This is all based on my experiences and talking to others, not to be taken as gospel!


----------



## acklac7 (May 31, 2004)

Big Joshy said:


> Im not saying that there is no evening bite in muddy water. I think when the evening bite falls can change based on water clarity. clear water fish like to wait for almost total dark sometimes.


This has been my experience.


----------



## acklac7 (May 31, 2004)

Deadsticking in stained/chocolate water...Anyone ever had any consistent luck? Seems to me that the deadstick bite is a sight-based presentation, and when the water is nasty it wont work, or doesn't work nearly as well. At least thats my experience, I've CRUSHED them deadsticking in clear(er) water this time of year, only to have basically no luck (dead-sticking) in stained water conditions. Almost think it would be better to slowly keep the bait moving/wobbling so fish can close in on the vibration because they're having trouble seeing it?


----------



## Saugeyefisher (Jul 19, 2010)

acklac, Earlier this month one of the holes i was fishing was quite dirty alomost muddy an i was getting them deadsticking a #8 xrap in gold with a orange belly. Seemed like most of the fish came straight up to hit lure so they had to see the orange belley. And seemed all the fish came right after i jerk pause in the dirty water. I think alot to do with those fish is all the lights around the area i was fishing. 
But mostly agree with you that they dont find it as good in the dirty water, an usually will fish something with some thump to it and really bright, Or slow roll the stickbait instead of dead sticking.........

When u going to get out with derek and me???


----------



## acklac7 (May 31, 2004)

Saugeyefisher said:


> acklac, Earlier this month one of the holes i was fishing was quite dirty alomost muddy an i was getting them deadsticking a #8 xrap in gold with a orange belly. Seemed like most of the fish came straight up to hit lure so they had to see the orange belley. And seemed all the fish came right after i jerk pause in the dirty water. I think alot to do with those fish is all the lights around the area i was fishing.
> But mostly agree with you that they dont find it as good in the dirty water, an usually will fish something with some thump to it and really bright, Or slow roll the stickbait instead of dead sticking.........
> 
> When u going to get out with derek and me???

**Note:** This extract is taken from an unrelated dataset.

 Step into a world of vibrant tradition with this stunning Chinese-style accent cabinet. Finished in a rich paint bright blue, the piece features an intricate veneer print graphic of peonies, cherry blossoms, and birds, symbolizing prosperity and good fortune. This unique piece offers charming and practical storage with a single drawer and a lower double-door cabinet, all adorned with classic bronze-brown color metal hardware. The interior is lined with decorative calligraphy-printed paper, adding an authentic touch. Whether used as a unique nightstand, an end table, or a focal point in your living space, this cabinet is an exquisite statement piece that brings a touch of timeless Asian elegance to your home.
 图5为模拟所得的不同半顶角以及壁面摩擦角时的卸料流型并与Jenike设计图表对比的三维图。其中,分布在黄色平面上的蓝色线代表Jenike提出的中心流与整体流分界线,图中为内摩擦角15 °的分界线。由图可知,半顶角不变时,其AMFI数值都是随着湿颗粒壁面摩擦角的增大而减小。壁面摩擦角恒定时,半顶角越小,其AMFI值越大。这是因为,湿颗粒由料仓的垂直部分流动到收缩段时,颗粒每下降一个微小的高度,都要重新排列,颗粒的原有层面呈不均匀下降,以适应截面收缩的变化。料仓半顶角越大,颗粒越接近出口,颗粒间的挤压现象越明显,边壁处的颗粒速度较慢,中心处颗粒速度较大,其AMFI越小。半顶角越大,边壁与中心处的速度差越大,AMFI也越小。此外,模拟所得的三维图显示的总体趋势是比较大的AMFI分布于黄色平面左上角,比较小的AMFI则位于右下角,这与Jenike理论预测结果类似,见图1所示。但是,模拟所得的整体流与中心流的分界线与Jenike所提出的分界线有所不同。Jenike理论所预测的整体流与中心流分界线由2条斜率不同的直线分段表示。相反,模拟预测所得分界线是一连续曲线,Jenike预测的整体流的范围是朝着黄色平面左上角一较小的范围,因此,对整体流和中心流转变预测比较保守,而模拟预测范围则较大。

I'll make it over there soon enough, I HATE driving any considerable distance to fish, but with you guys nailing them like you are I might have to give it a shot, cause i'm getting sick of the :S


----------



## Saugeyefisher (Jul 19, 2010)

Yea the drive sucks, but i really got used to after going 2-4 time a week. about 25 minutes for me. Not really killing them but has been really consistant, with not many skunks. Hope ya start nailing them soon, looks like it might be a while yet though


----------